[Available records]:
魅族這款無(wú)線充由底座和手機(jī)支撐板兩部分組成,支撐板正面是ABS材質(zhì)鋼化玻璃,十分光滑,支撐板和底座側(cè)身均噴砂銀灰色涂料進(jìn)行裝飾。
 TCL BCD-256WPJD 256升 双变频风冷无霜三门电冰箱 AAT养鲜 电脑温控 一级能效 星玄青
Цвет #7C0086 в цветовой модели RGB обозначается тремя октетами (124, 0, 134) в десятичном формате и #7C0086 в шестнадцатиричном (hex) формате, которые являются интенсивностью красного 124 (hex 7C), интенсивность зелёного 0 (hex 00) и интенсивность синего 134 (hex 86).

==

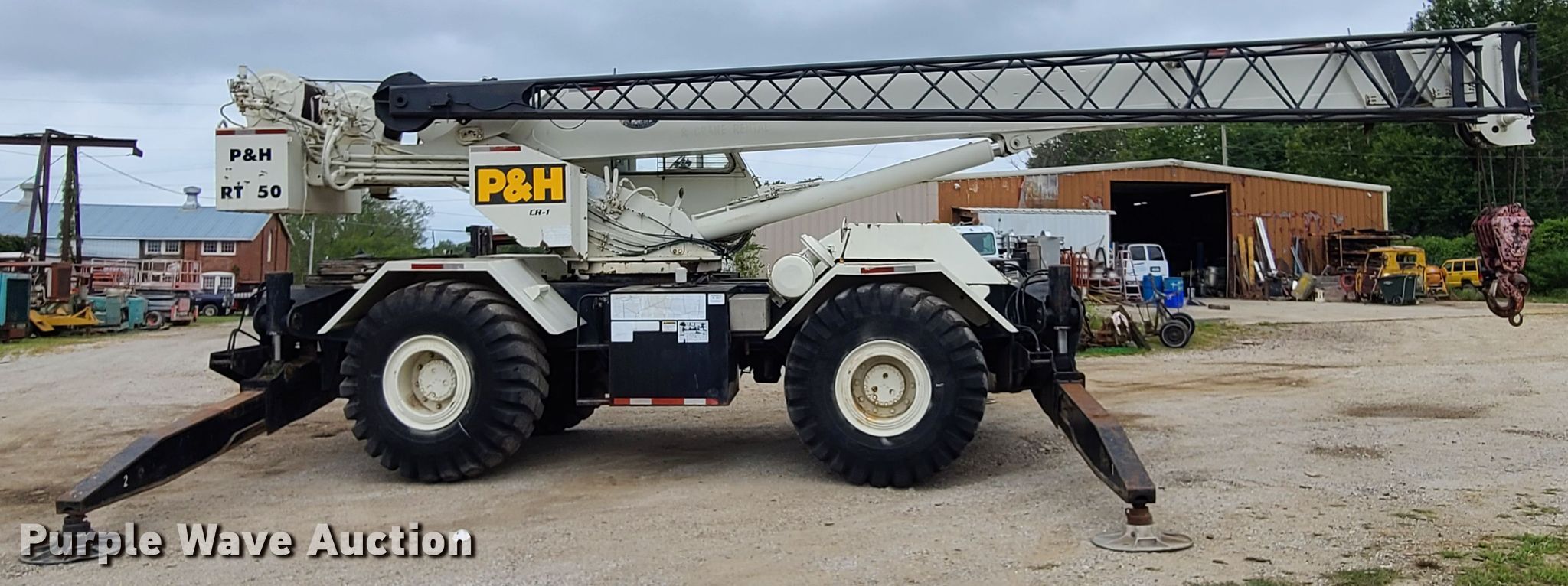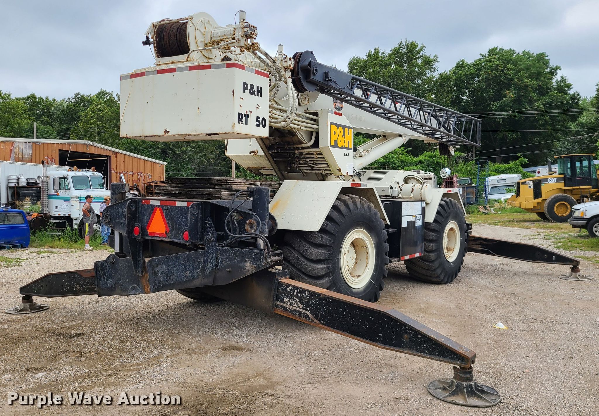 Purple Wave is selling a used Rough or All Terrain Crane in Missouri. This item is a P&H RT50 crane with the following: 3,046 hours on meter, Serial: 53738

[Instructions to follow]:
Once you find the line with "魅族這款無(wú)線充由底座" in the entries above, output it and each line after it up to and including the line with "Цвет #7C0086 в", and nothing else.

[Finished exercise]:
魅族這款無(wú)線充由底座和手機(jī)支撐板兩部分組成,支撐板正面是ABS材質(zhì)鋼化玻璃,十分光滑,支撐板和底座側(cè)身均噴砂銀灰色涂料進(jìn)行裝飾。
 TCL BCD-256WPJD 256升 双变频风冷无霜三门电冰箱 AAT养鲜 电脑温控 一级能效 星玄青
Цвет #7C0086 в цветовой модели RGB обозначается тремя октетами (124, 0, 134) в десятичном формате и #7C0086 в шестнадцатиричном (hex) формате, которые являются интенсивностью красного 124 (hex 7C), интенсивность зелёного 0 (hex 00) и интенсивность синего 134 (hex 86).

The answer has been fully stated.